Ken Arnold has done a lot of design in his day. While at Sun Microsystems, Arnold was one of the original architects of Jini technology and was the original lead architect of JavaSpaces. Prior to joining Sun, Arnold participated in the original Hewlett-Packard architectural team that designed CORBA. While at UC Berkeley, he created the Curses library for terminal-independent screen-oriented programs. In Part I of this interview, which is being published in six weekly installments, Arnold explains why there's no such thing as a perfect design, suggests questions you should ask yourself when you design, and proposes the radical notion that programmers are people. In Part II, Arnold discusses the role of taste and arrogance in design, the value of other people's problems, and the virtue of simplicity. In Part III, Arnold discusses the concerns of distributed systems design, including the need to expect failure, avoid state, and plan for recovery. In Part IV, Arnold describes the basic idea of a JavaSpace, explains why fields in entries are public, why entries are passive, and how decoupling leads to reliability. In this fifth installment, Arnold talks about the data-driven nature of JavaSpaces, how JavaSpaces lets you "throw in a grain and watch it grow," and why iteration isn't supported in the JavaSpace interface.

Type versus State

Bill Venners: In both the Jini lookup service and in JavaSpaces, you can look up objects by both type and state. For Jini lookups, you can specify the types of service you want plus the types and values of attribute entries. In JavaSpace reads and takes, you specify an entry type and field values. How do the kinds of questions you ask in your query differ when you look up objects by type versus by state?

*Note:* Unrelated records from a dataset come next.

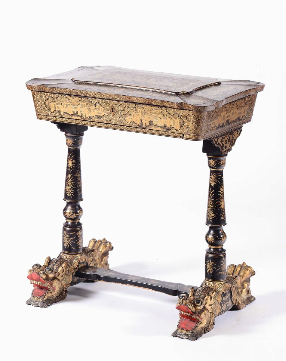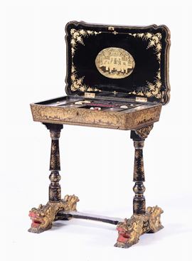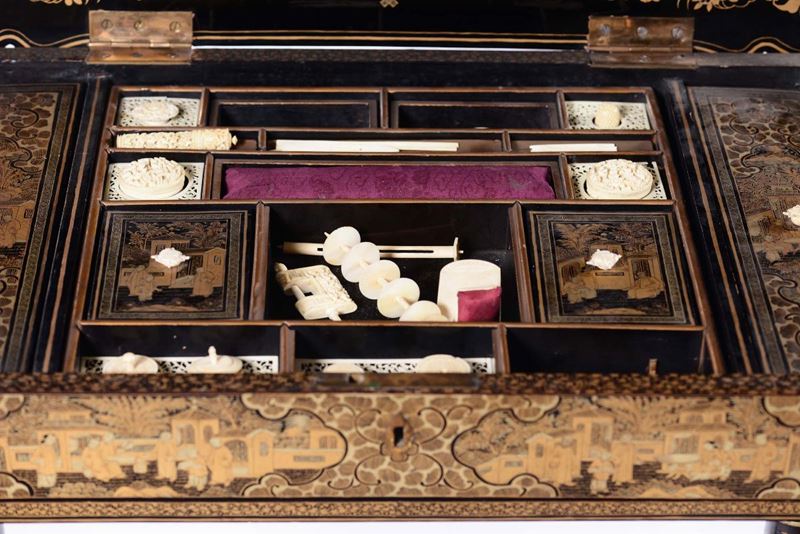 Tavolino in legno laccato contenente oggetti da ricamo in avorio, Cina, Dinastia Qing, fine XIX secolo
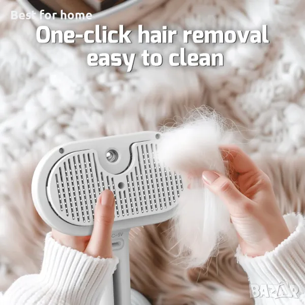 【Функция за самопочистване】 Парната четка за котки има бутон за освобождаване с едно докосване. След разресване леко натиснете бутона за премахване на космите, за да почистите лесно космите върху гребена. По-преносим и по-прост.
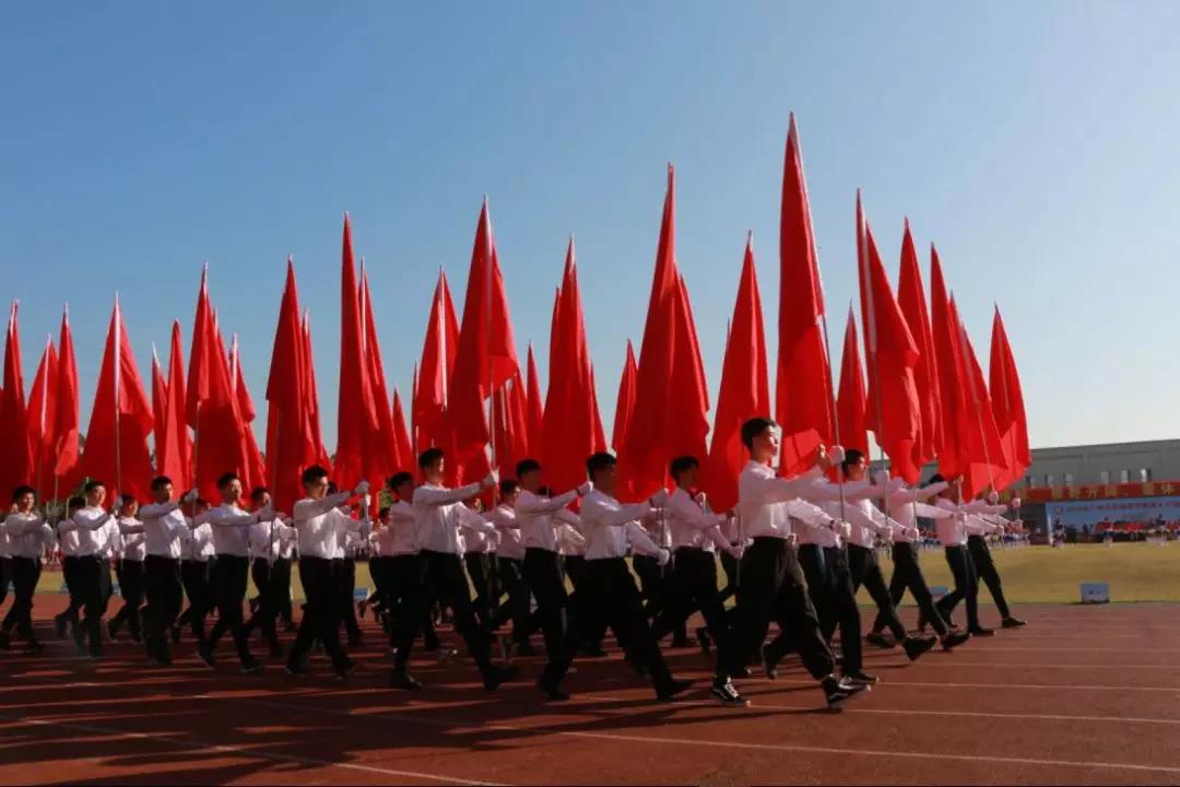 一个个方阵顺利入场后,庄严的升旗仪式,再次点燃了全体师生的热血。随风飘扬的国旗与校旗,五星与校徽交织起舞,听着耳畔的国歌与校歌,内心翻涌着爱国与爱校的热血。
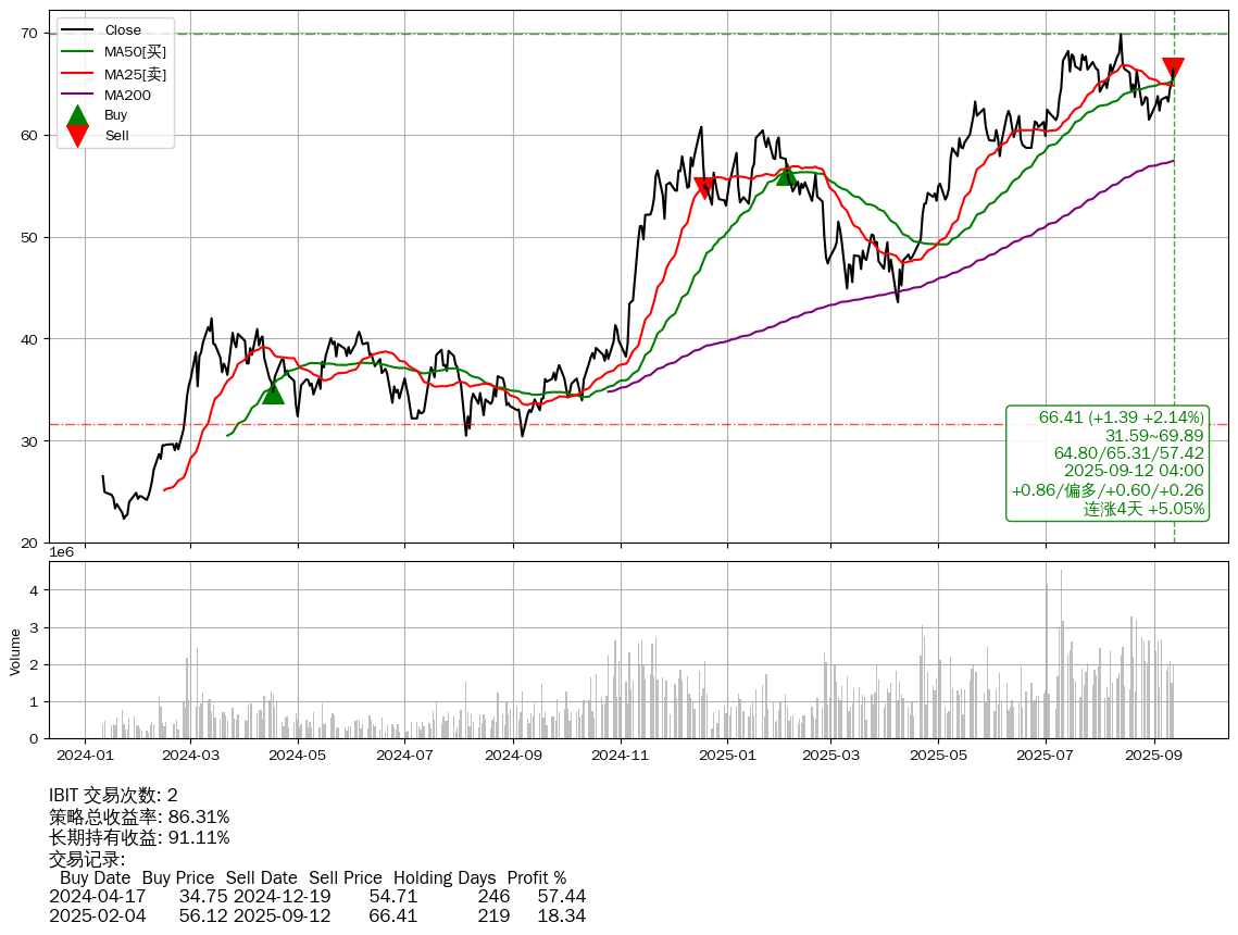 | IBIT | 2025-09-12 | 📈涨破 MA50 均线 | 📈连涨4天 +5.05% |
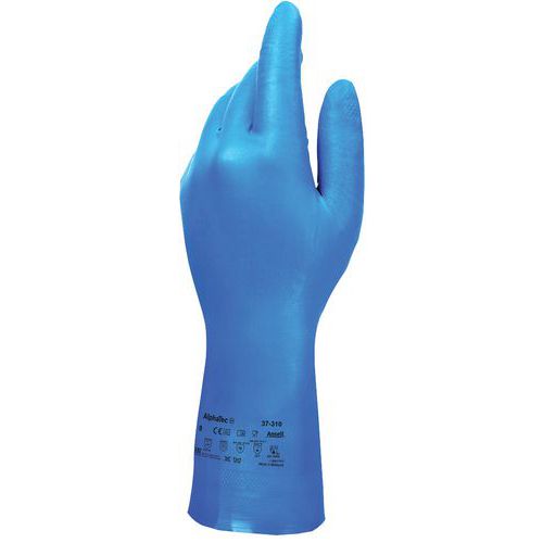 Los guantes PPE AlphaTec® 37-310 ofrecen protección química EN 374 Tipo B contra ácidos ligeros, grasas, aceites y líquidos.
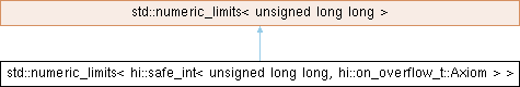 Inheritance diagram for std::numeric_limits< hi::safe_int< unsigned long long, hi::on_overflow_t::Axiom > >:
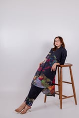 Black Blooms Tunic Set
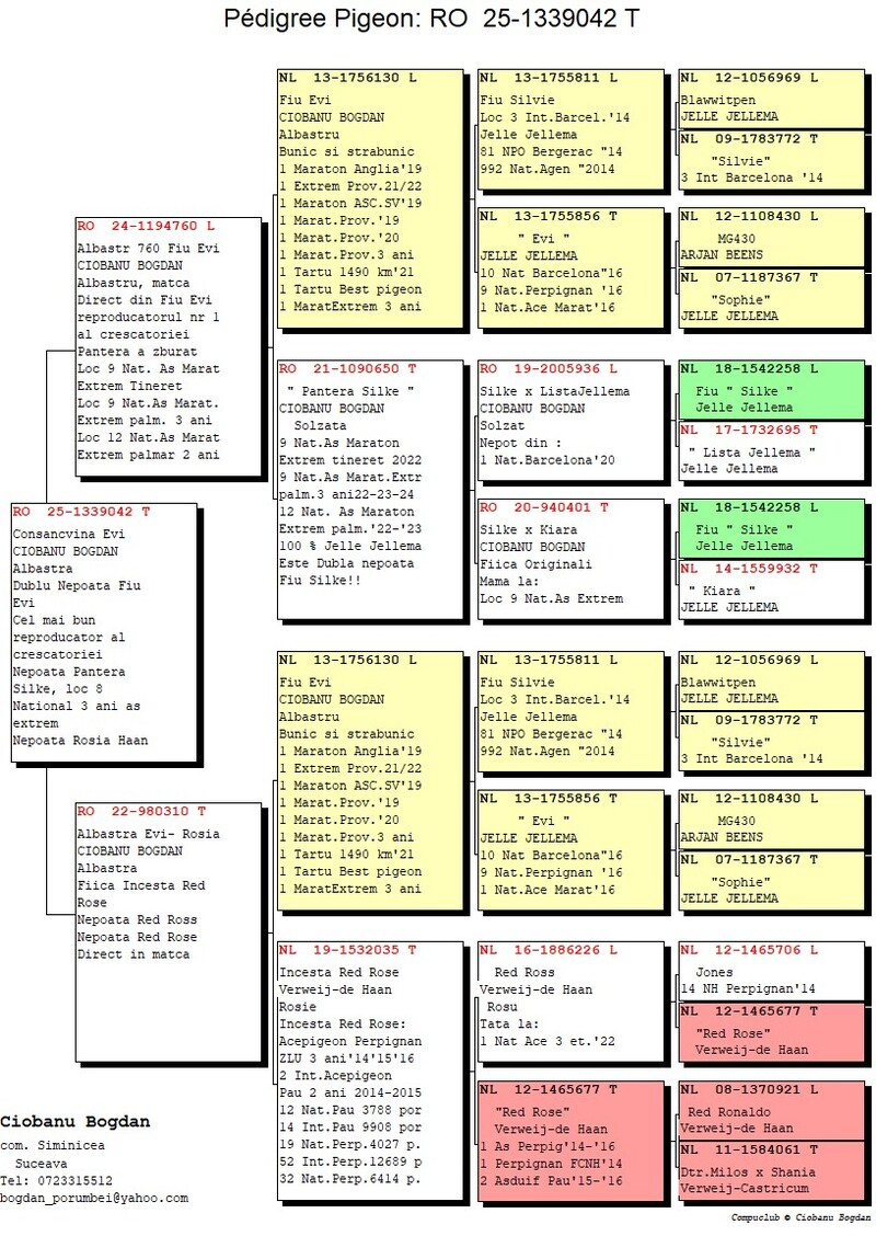 Seine nachgewiesenen Erfolge zeugen von einer professionellen und konsequenten Herangehensweise. Im Laufe der Jahre erreichte der Züchter aus Siminicea mehrfache Platzierungen in den Top 10 auf nationaler Ebene in den Kategorien Marathon und Fond, belegte den 1. Platz im Kreis Suceava bei Flügen von 800–1000 km und erzielte bemerkenswerte Ergebnisse bei schwierigen internationalen Wettbewerben in der Ukraine und Polen (z. B. Krasnodon). Die regelmäßige Teilnahme am Burdujeni–Suceava-Championat, einer der stärksten Regionen des Landes, bestätigt die Konstanz und Qualität seiner Zuchtlinie.
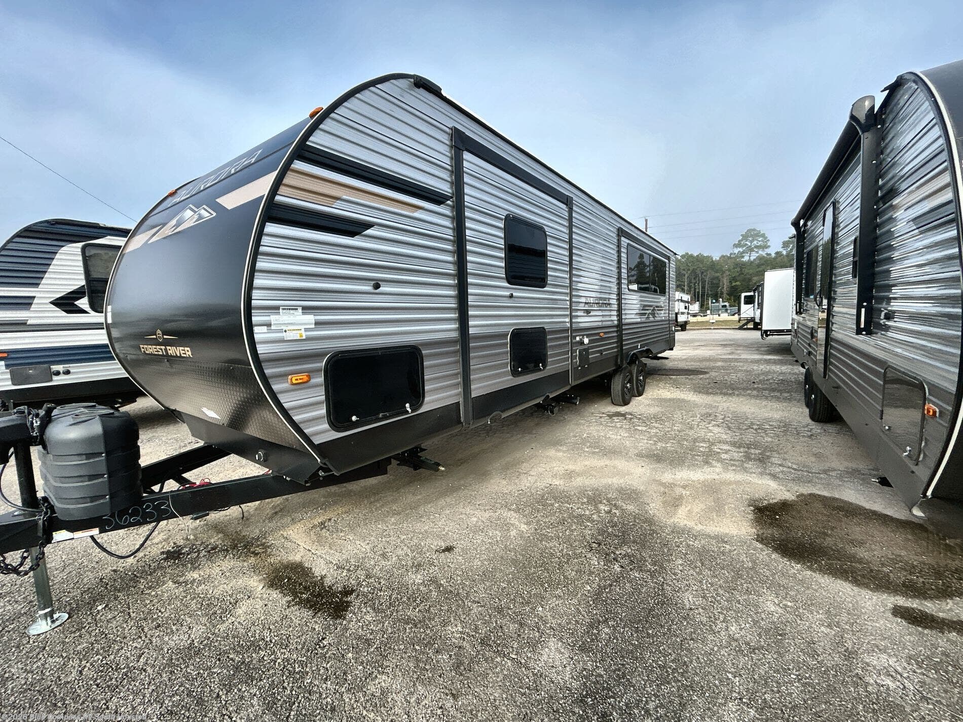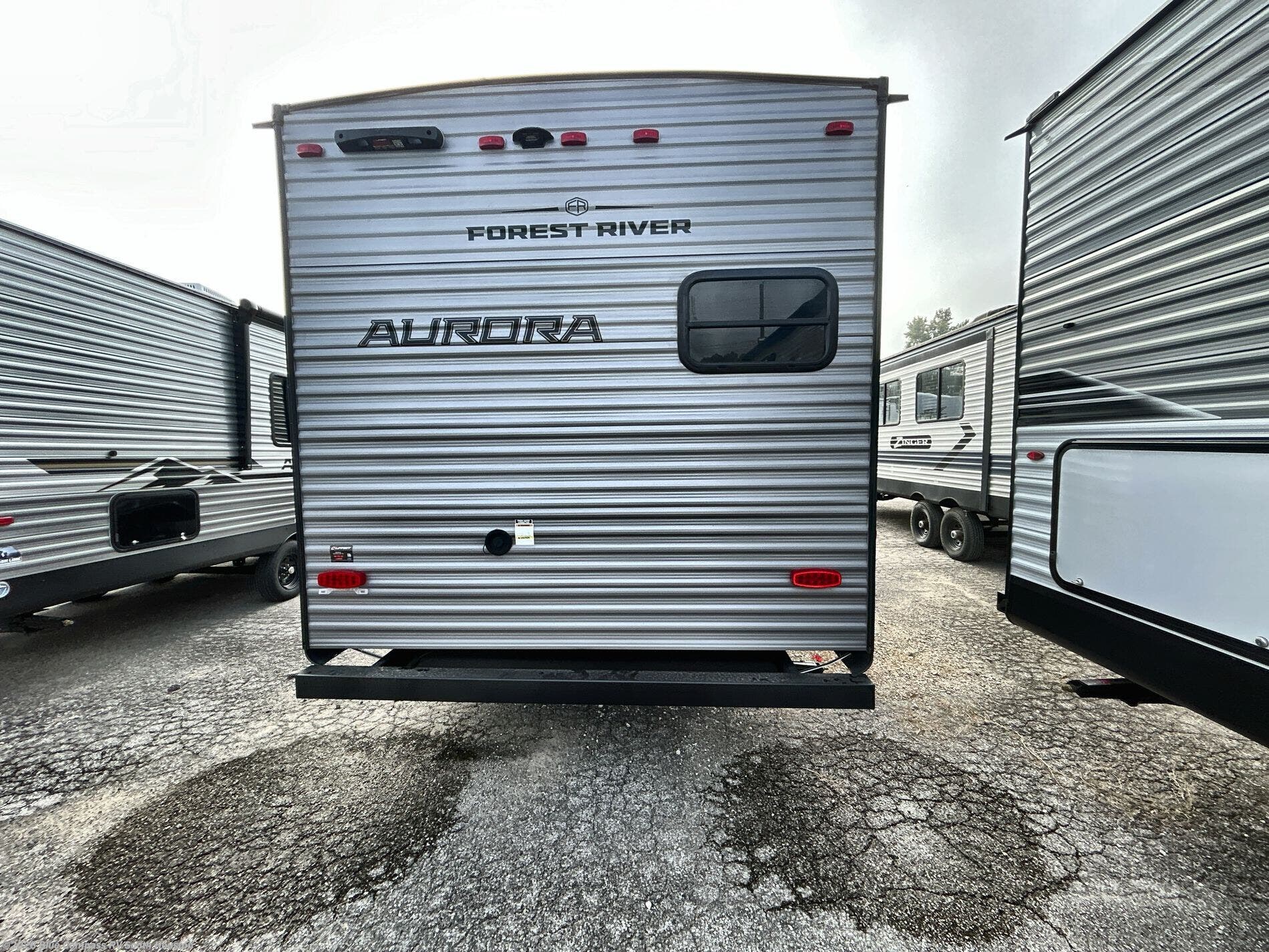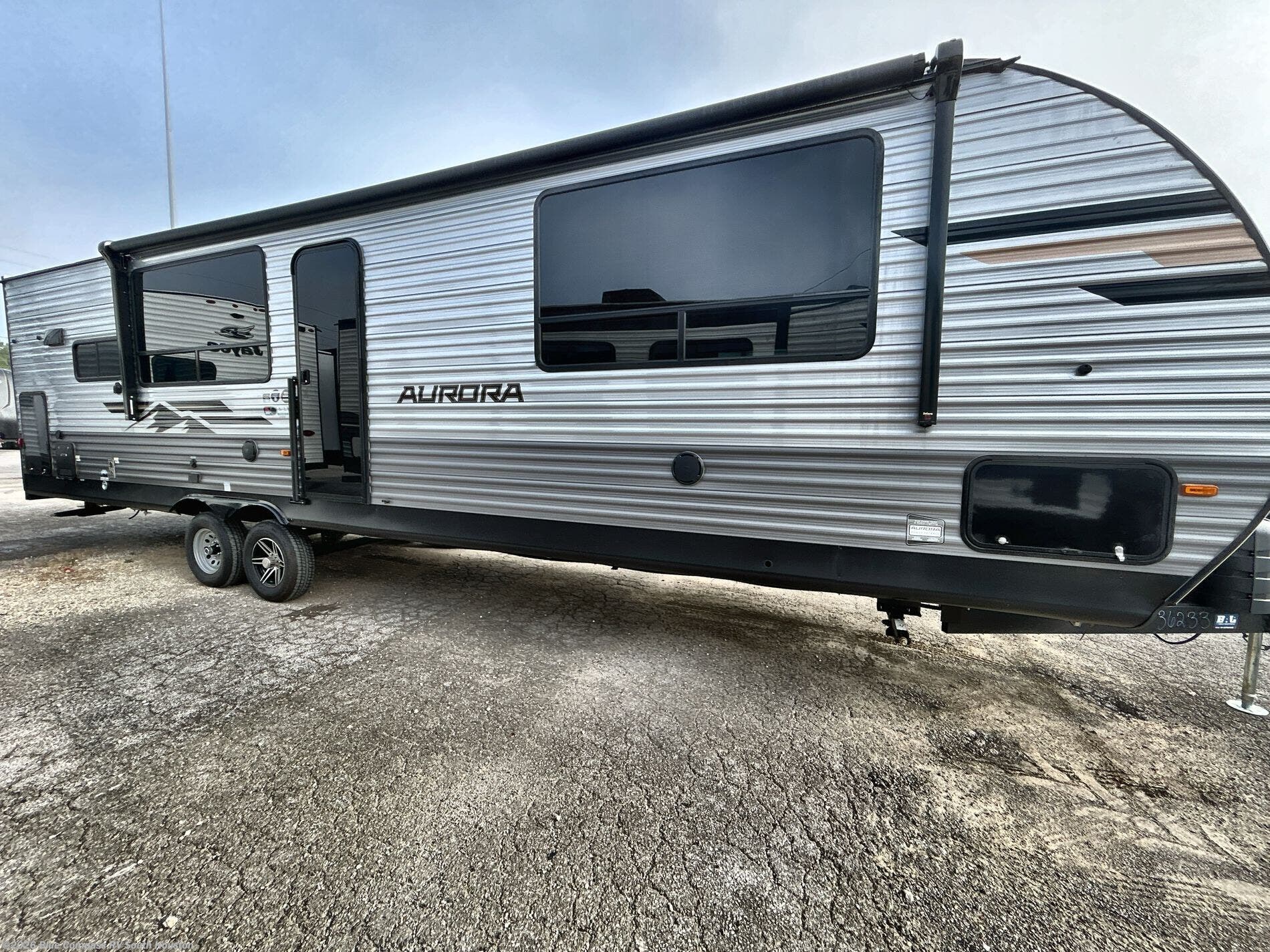 Comfortability, usability, and quality is what you will find in each one of these Forest River Aurora travel trailers, toy haulers or destination trailers! They are designed with a superior build and packed full with industry leading, functional, and distinctive standard features. SolidStep entrance steps and a Safe-T rail door assist on main entry door to help you safely enter and exit the unit. The diamond plate rock guard will protect your unit from road debris and the nitrogen filled radial tires, which keep their pressure longer, offer better fuel economy. You will also find upgraded JBL Elite exterior speakers outside, an electric awning with multicolor lights and remote, plus flush mount baggage doors for easy packing. The interiors are beautifully designed with a deep undermount farm style sink, stainless steel appliances, and linoleum flooring in the slide outs which will be easy to clean. Come find your favorite model today!

Ken Arnold: The difference is function. If you are writing code that talks to some data source, you can ask it questions. Method calls let you ask the data source for the information you want, and get the answer back. You can view a particular set of method calls as a particular socket shape. So you've written code that translates when you compile it into these method invocations. If those method invocations are all resolved locally, you would have another class to plug into that socket. With a Jini lookup service, you actually go on a network and ask: Is there anything on the network that plugs into this socket? Data is not the point there. It is only methods that matter in that part of the query.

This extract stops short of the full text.